[Opening Material to process section]
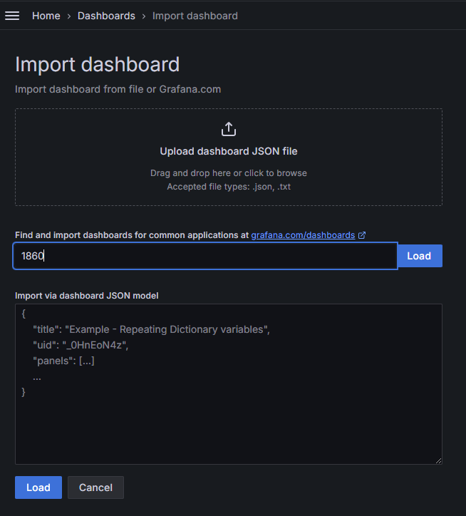대시보드 ID 는 1860 입니다.
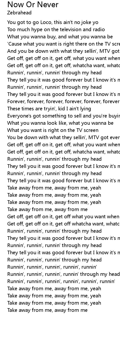 They tell you it was good forever but I know it's now or never |
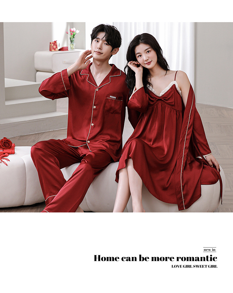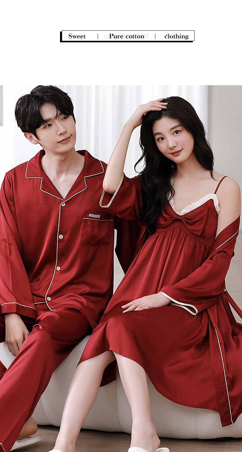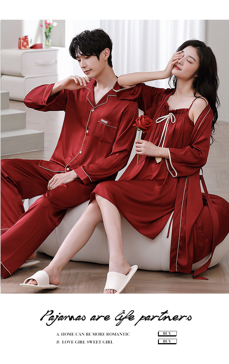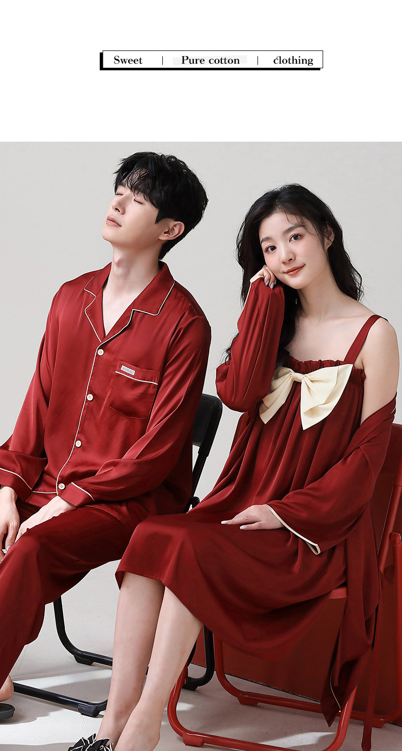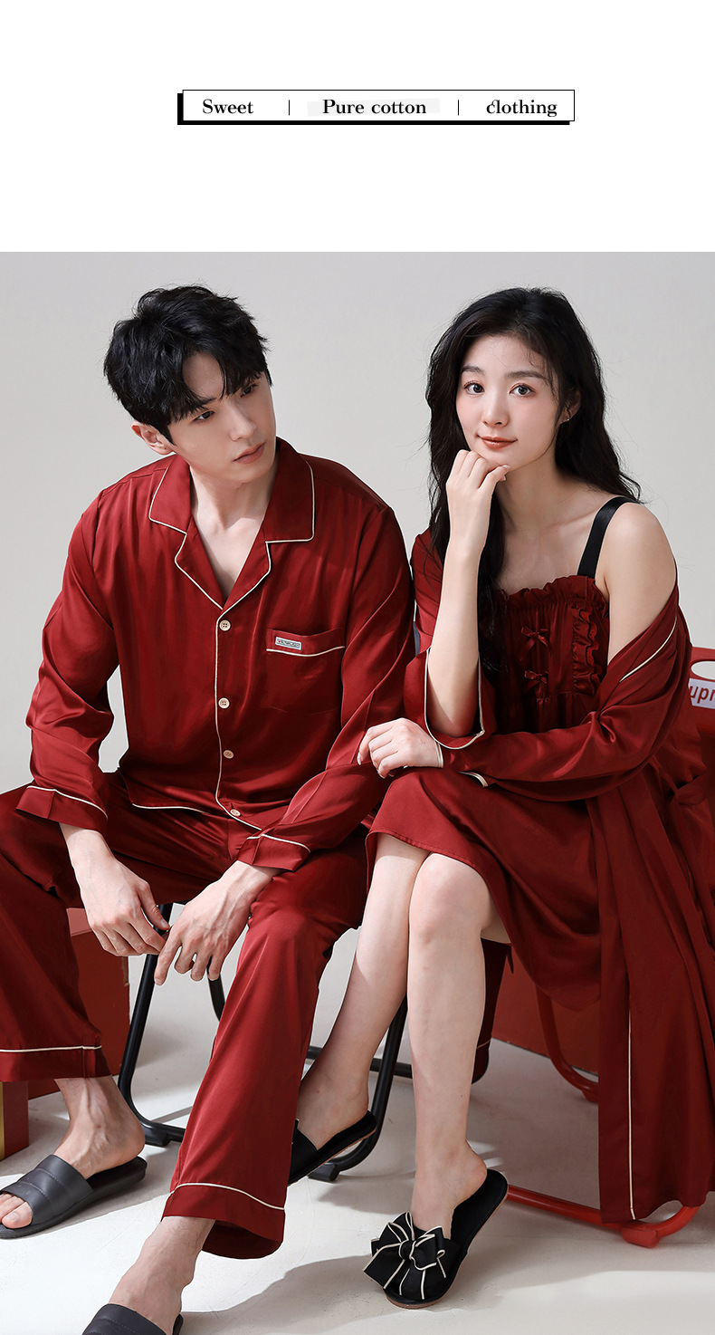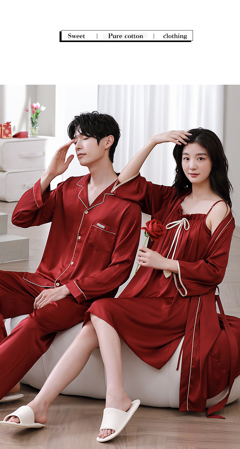 커플의 얼음 실크 잠옷 여름 빨간 결혼식 년 슬링 원피스 잠옷 투피스 홈웨어스토어 가기
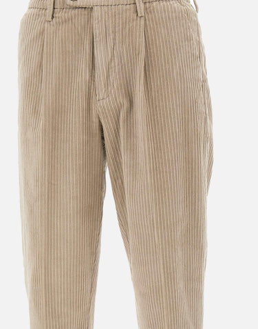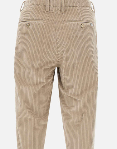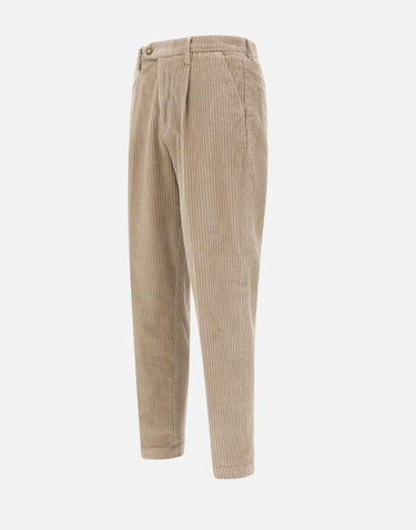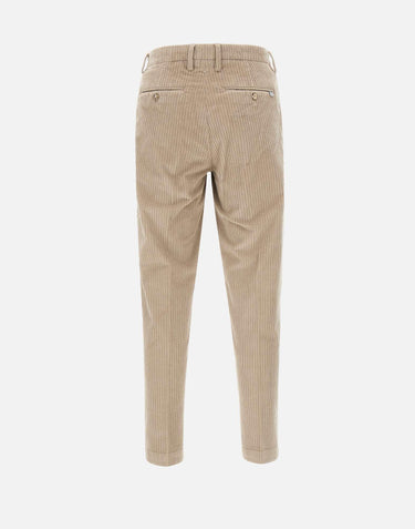 Re-Hash "Marc" trousers, crafted from beige stretch corduroy. The chino style features front darts, side pockets, and back pockets with buttons, as well as a zip and button closure and belt loops. The 17 cm hem and slim fit lend the garment a refined and contemporary elegance, ideal for casual-chic looks. Made in Italy.
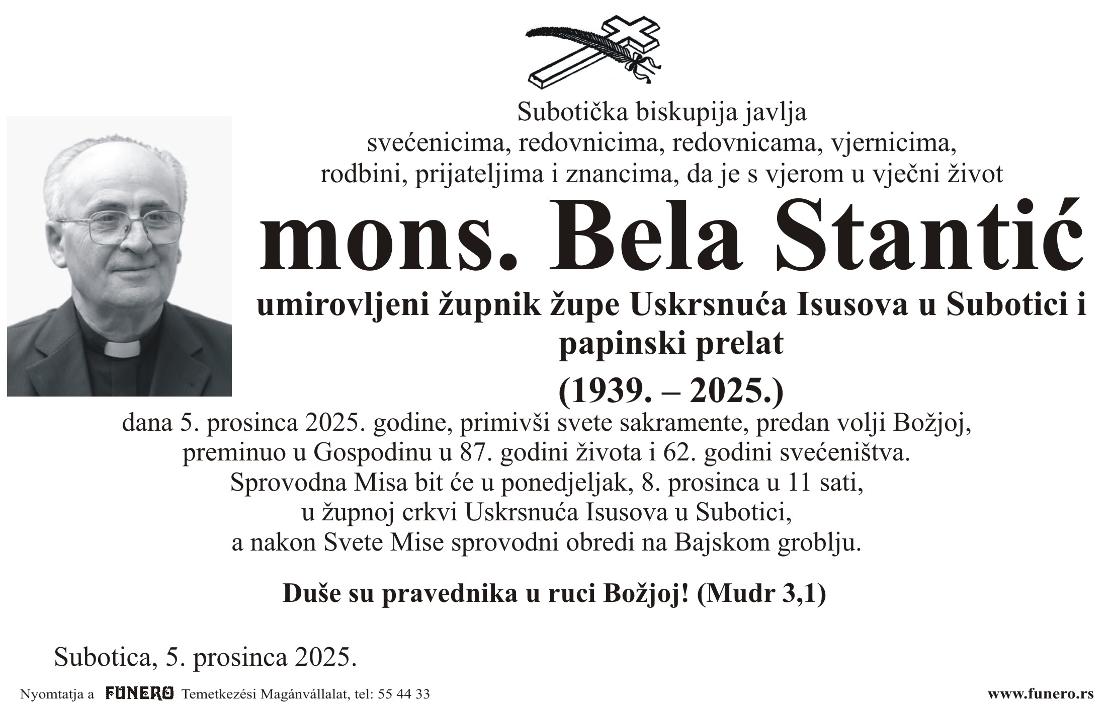U 86. godini preminuo je mons. Bela Stantić iz Subotice, iz Harambašićeve ulice. Sprovodna misa je 8. decembra u 11 sati u crkvi Isusovo Uskrsnuće nakon čega sahrana je u crkvenom delu Bajskog groblja.
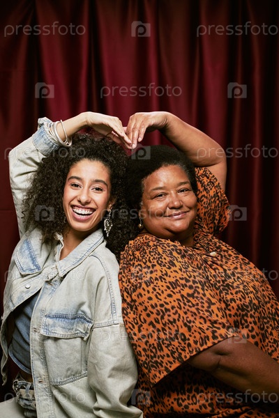 Портрет молодых взрослых мультиэтнических женщин, улыбающихся и делающих сердечный жест
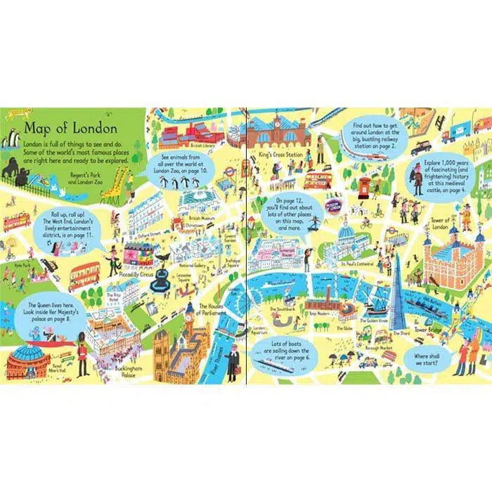In just 14 pages, you can visit and explore central London, the West End, and the River Thames all the way from Buckingham palace to the Tower of London. Beneath flaps big and small, you'll learn secrets of London's amazing underground railway, its storied history from Shakespeare's Globe to today's Houses of Parliament. You can get ideas of places to visit, whether it's parks, museums, shopping or hit shows. Each flap has a large, easy to find and lift thumb-hole, perfect for curious fingers.
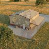 Striking Tan & Brown Exterior: Neutral earth-tone panels with dark trim blend naturally with rural or open landscapes while maintaining a bold presence.
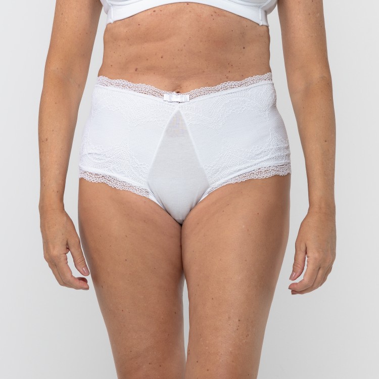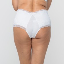 O design sofisticado é realçado pela renda delicada, que cobre toda a peça e proporciona um toque de elegância, enquanto o forro em algodão egípcio garante suavidade e conforto em contato com a pele. As laterais largas proporcionam um ajuste seguro e confortável, valorizando a silhueta.
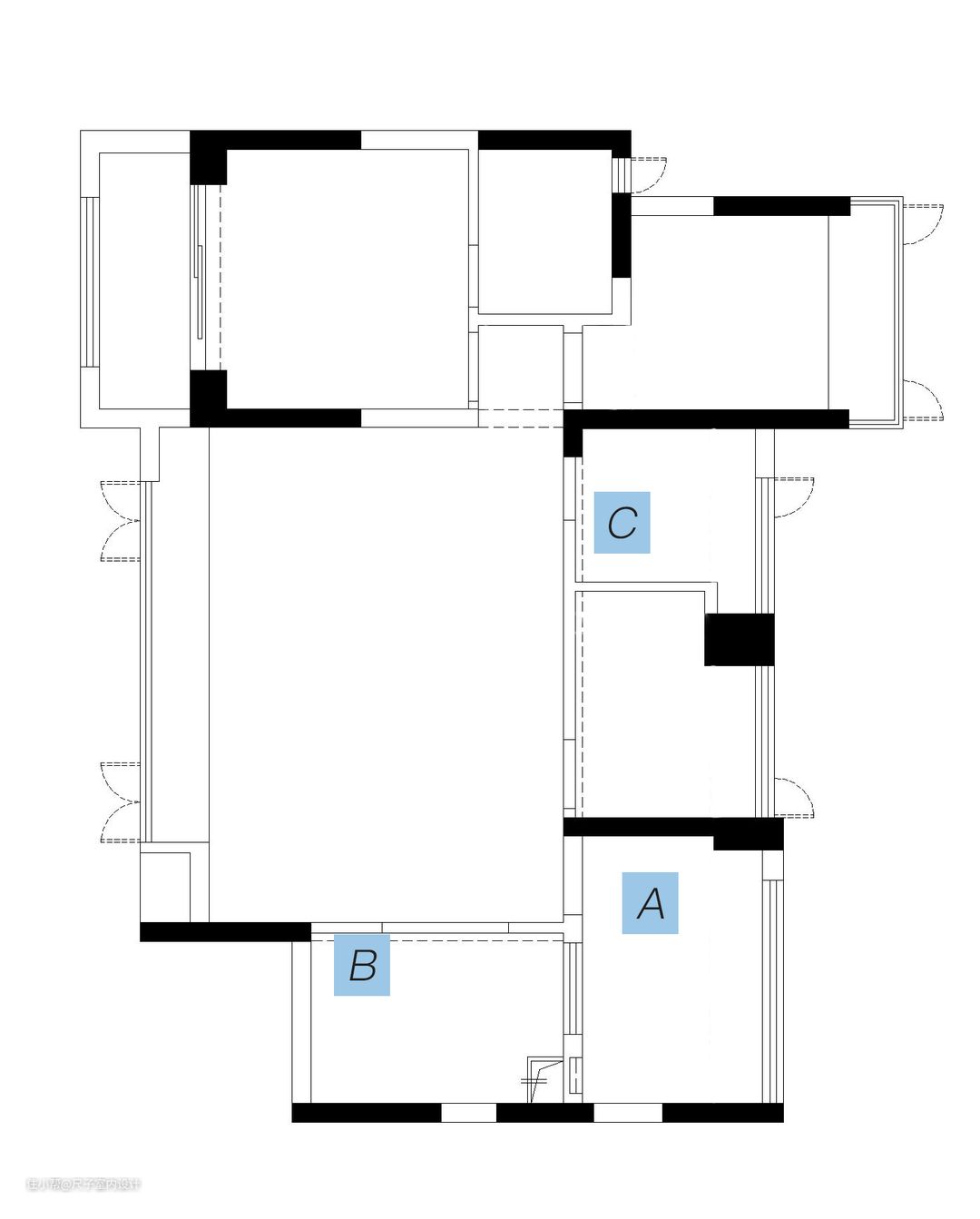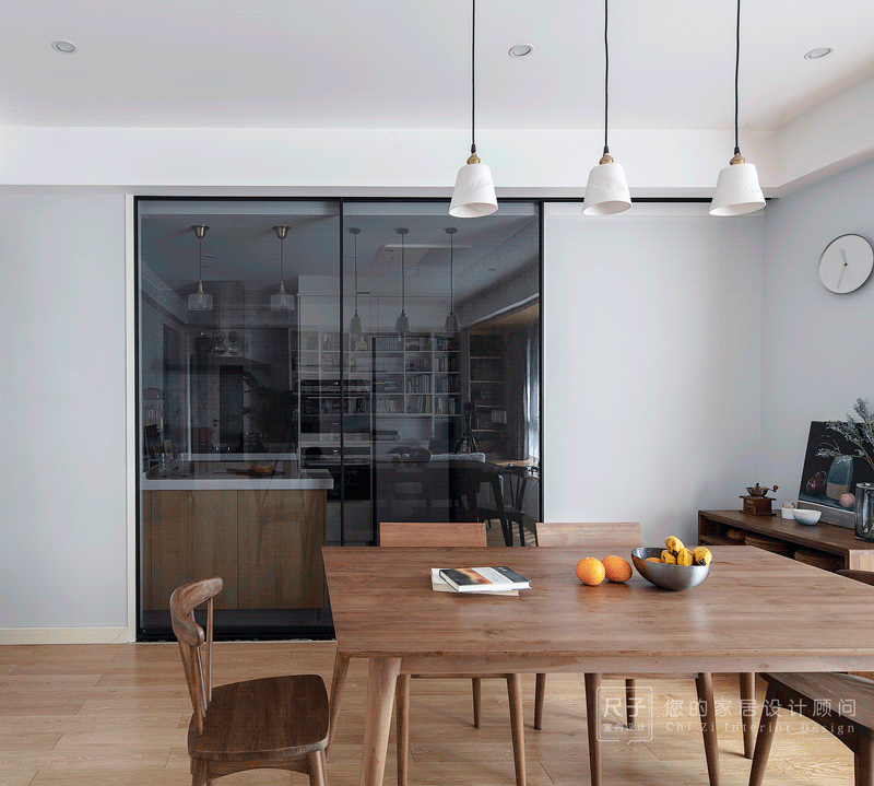 B、原厨房采光较差,与客餐厅有很大的距离感,我们将厨房墙面拆掉做灰玻推拉门,增加采光
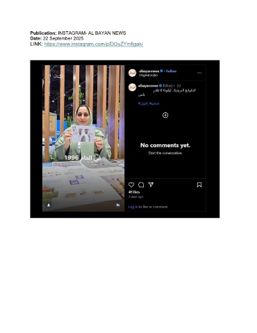 Publication: INSTAGRAM- AL BAYAN NEWS Date: 22 September 2025 LINK: https://www.instagram.com/p/DOyZYmfjgak/
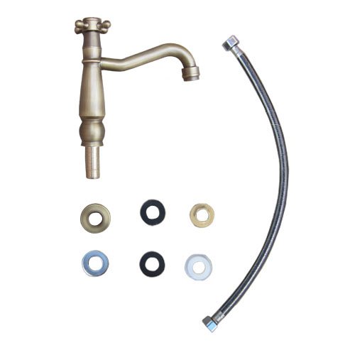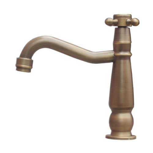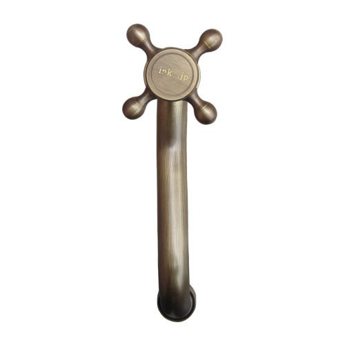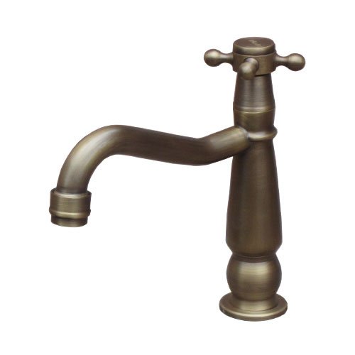 洗面水栓 蛇口 水栓金具 単水栓 クロスハンドル ブロンズ(古銅) [奥行18×吐水口高8.5cm] INK-0302076H
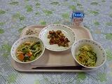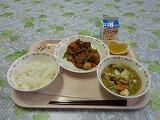 今日の献立は,どんどろけめしです。どんどろけめしは,鳥取県の郷土料理です。「どんどろけ」とは方言で雷のことをさします。豆腐を炒めるときのバリバリという音が雷に似ていることからこの名前がつきました。中部から東部にかけての山村で普及し,農作業の節目や集落の集まりなfどに作られていました。
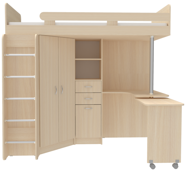 Кровать чердак Юниор 3 - уникальная модель, которая непременно понравится своей комфортностью, оригинальностью и многофункциональностью всем членам семьи. Несмотря на обилие функциональных предметов, этот комплекс выглядит аккуратно. Стильная и функциональная двухъярусная кровать для ваших детей, выполненная из качественных и натуральных материалов. Такая детская мебель является максимально удобной, соединяя в оригинальный комплект большое спальное место, удобное место для уроков и большой шкаф для одежды. Подойдет такой комплект для мальчика и девочки, ведь разнообразие расцветок может быть составлено в соответствии с вкусовыми предпочтениями ребенка и выбранной тематикой. Цветовое исполнение корпус: Венге, Дуб молочный, Белое дерево, Бодего темный, Белый, Винтерберг, Бетон Цветовое исполнение фасады: Дуб молочный, Белое дерево, Белый, Бодего темный, Венге, Винтерберг, Бетон, Лайм, Светло Синий/Голубой, Розовый, Оранжевый, Ириc. Цвет кромки на цветных фасадах - бежевый Кровать-чердак Юниор 3 станет чудесным подарком для Вашего ребёнка. Матрас для кровати вы можете приобрести отдельно в разделе детских матрасов. Так же мы предлагаем ниже в разделе Аксессуары наиболее оптимальные варианты для данной кровати.
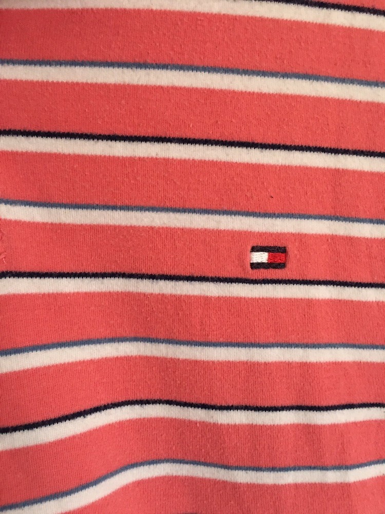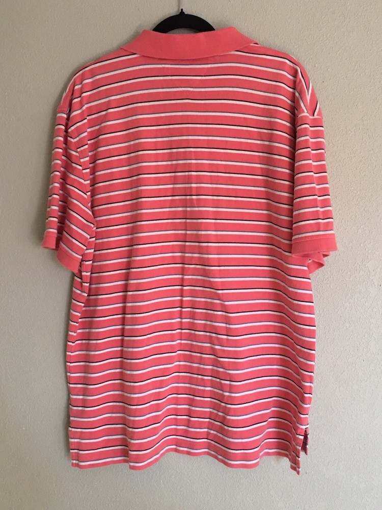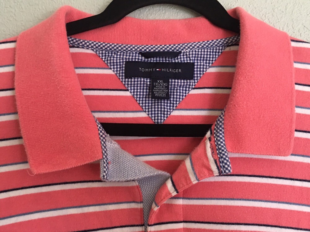 Brand: Tommy Hilfiger Product Line: Tommy Hilfiger Closure: Button UPC: Does not apply Neckline: Collared Occasion: Casual Handmade: No Department: Men Personalize: No Performance/Activity: Golf gtin13: Does not apply Garment Care: Machine Washable Fabric Wash: Medium Type: Polo Size: 2XL Character: N/A Sleeve Length: Short Sleeve Material: 100% Cotton Size Type: Regular Vintage: No Pattern: Striped Color: Pink Theme: Classic, Preppy Season: Spring, Summer Accents: Logo, Button Fit: Regular
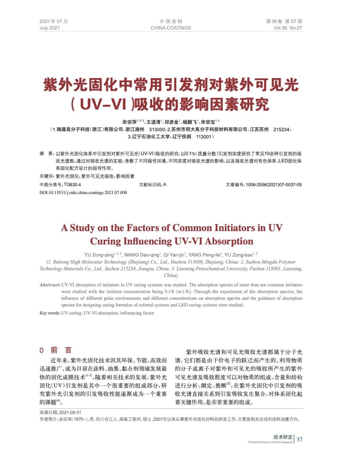 摘要:以紫外光固化體系中引發劑對紫外可見光(UV-VI)吸收的研究,以0.1%(質量分數)引發劑濃度研究了常見10余種引發劑的吸收光譜圖。通過對吸收光譜的實驗,考察了不同極性環境、不同濃度對吸收光譜的影響,以及吸收光譜對有色體系、LED固化體系固化配方設計的指導作用。
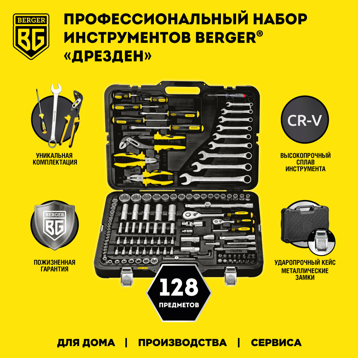 Набор инструментов дрезден, 128 предметов, Berger BG128-1214
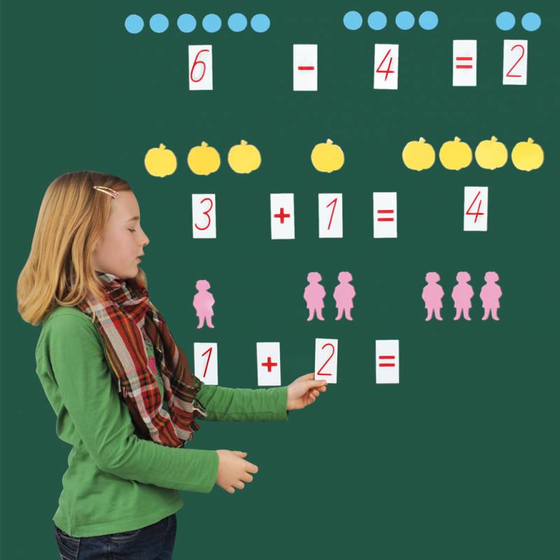 - 10 Stück Ziffern von 0 bis 9 sowie wichtige Rechenzeichen wie Plus, Minus, Gleich, Größer als und Kleiner als sowie
[Closing Material to process section]
→ **Required work**
With the pictures left out, return each entry exactly as written.

→ **Solution to this problem**
대시보드 ID 는 1860 입니다.
 They tell you it was good forever but I know it's now or never |
 커플의 얼음 실크 잠옷 여름 빨간 결혼식 년 슬링 원피스 잠옷 투피스 홈웨어스토어 가기
 Re-Hash "Marc" trousers, crafted from beige stretch corduroy. The chino style features front darts, side pockets, and back pockets with buttons, as well as a zip and button closure and belt loops. The 17 cm hem and slim fit lend the garment a refined and contemporary elegance, ideal for casual-chic looks. Made in Italy.
U 86. godini preminuo je mons. Bela Stantić iz Subotice, iz Harambašićeve ulice. Sprovodna misa je 8. decembra u 11 sati u crkvi Isusovo Uskrsnuće nakon čega sahrana je u crkvenom delu Bajskog groblja.
 Портрет молодых взрослых мультиэтнических женщин, улыбающихся и делающих сердечный жест
In just 14 pages, you can visit and explore central London, the West End, and the River Thames all the way from Buckingham palace to the Tower of London. Beneath flaps big and small, you'll learn secrets of London's amazing underground railway, its storied history from Shakespeare's Globe to today's Houses of Parliament. You can get ideas of places to visit, whether it's parks, museums, shopping or hit shows. Each flap has a large, easy to find and lift thumb-hole, perfect for curious fingers.
 Striking Tan & Brown Exterior: Neutral earth-tone panels with dark trim blend naturally with rural or open landscapes while maintaining a bold presence.
 O design sofisticado é realçado pela renda delicada, que cobre toda a peça e proporciona um toque de elegância, enquanto o forro em algodão egípcio garante suavidade e conforto em contato com a pele. As laterais largas proporcionam um ajuste seguro e confortável, valorizando a silhueta.
 B、原厨房采光较差,与客餐厅有很大的距离感,我们将厨房墙面拆掉做灰玻推拉门,增加采光
 Publication: INSTAGRAM- AL BAYAN NEWS Date: 22 September 2025 LINK: https://www.instagram.com/p/DOyZYmfjgak/
 洗面水栓 蛇口 水栓金具 単水栓 クロスハンドル ブロンズ(古銅) [奥行18×吐水口高8.5cm] INK-0302076H
 今日の献立は,どんどろけめしです。どんどろけめしは,鳥取県の郷土料理です。「どんどろけ」とは方言で雷のことをさします。豆腐を炒めるときのバリバリという音が雷に似ていることからこの名前がつきました。中部から東部にかけての山村で普及し,農作業の節目や集落の集まりなfどに作られていました。
 Кровать чердак Юниор 3 - уникальная модель, которая непременно понравится своей комфортностью, оригинальностью и многофункциональностью всем членам семьи. Несмотря на обилие функциональных предметов, этот комплекс выглядит аккуратно. Стильная и функциональная двухъярусная кровать для ваших детей, выполненная из качественных и натуральных материалов. Такая детская мебель является максимально удобной, соединяя в оригинальный комплект большое спальное место, удобное место для уроков и большой шкаф для одежды. Подойдет такой комплект для мальчика и девочки, ведь разнообразие расцветок может быть составлено в соответствии с вкусовыми предпочтениями ребенка и выбранной тематикой. Цветовое исполнение корпус: Венге, Дуб молочный, Белое дерево, Бодего темный, Белый, Винтерберг, Бетон Цветовое исполнение фасады: Дуб молочный, Белое дерево, Белый, Бодего темный, Венге, Винтерберг, Бетон, Лайм, Светло Синий/Голубой, Розовый, Оранжевый, Ириc. Цвет кромки на цветных фасадах - бежевый Кровать-чердак Юниор 3 станет чудесным подарком для Вашего ребёнка. Матрас для кровати вы можете приобрести отдельно в разделе детских матрасов. Так же мы предлагаем ниже в разделе Аксессуары наиболее оптимальные варианты для данной кровати.
 Brand: Tommy Hilfiger Product Line: Tommy Hilfiger Closure: Button UPC: Does not apply Neckline: Collared Occasion: Casual Handmade: No Department: Men Personalize: No Performance/Activity: Golf gtin13: Does not apply Garment Care: Machine Washable Fabric Wash: Medium Type: Polo Size: 2XL Character: N/A Sleeve Length: Short Sleeve Material: 100% Cotton Size Type: Regular Vintage: No Pattern: Striped Color: Pink Theme: Classic, Preppy Season: Spring, Summer Accents: Logo, Button Fit: Regular
 摘要:以紫外光固化體系中引發劑對紫外可見光(UV-VI)吸收的研究,以0.1%(質量分數)引發劑濃度研究了常見10余種引發劑的吸收光譜圖。通過對吸收光譜的實驗,考察了不同極性環境、不同濃度對吸收光譜的影響,以及吸收光譜對有色體系、LED固化體系固化配方設計的指導作用。
 Набор инструментов дрезден, 128 предметов, Berger BG128-1214
 - 10 Stück Ziffern von 0 bis 9 sowie wichtige Rechenzeichen wie Plus, Minus, Gleich, Größer als und Kleiner als sowie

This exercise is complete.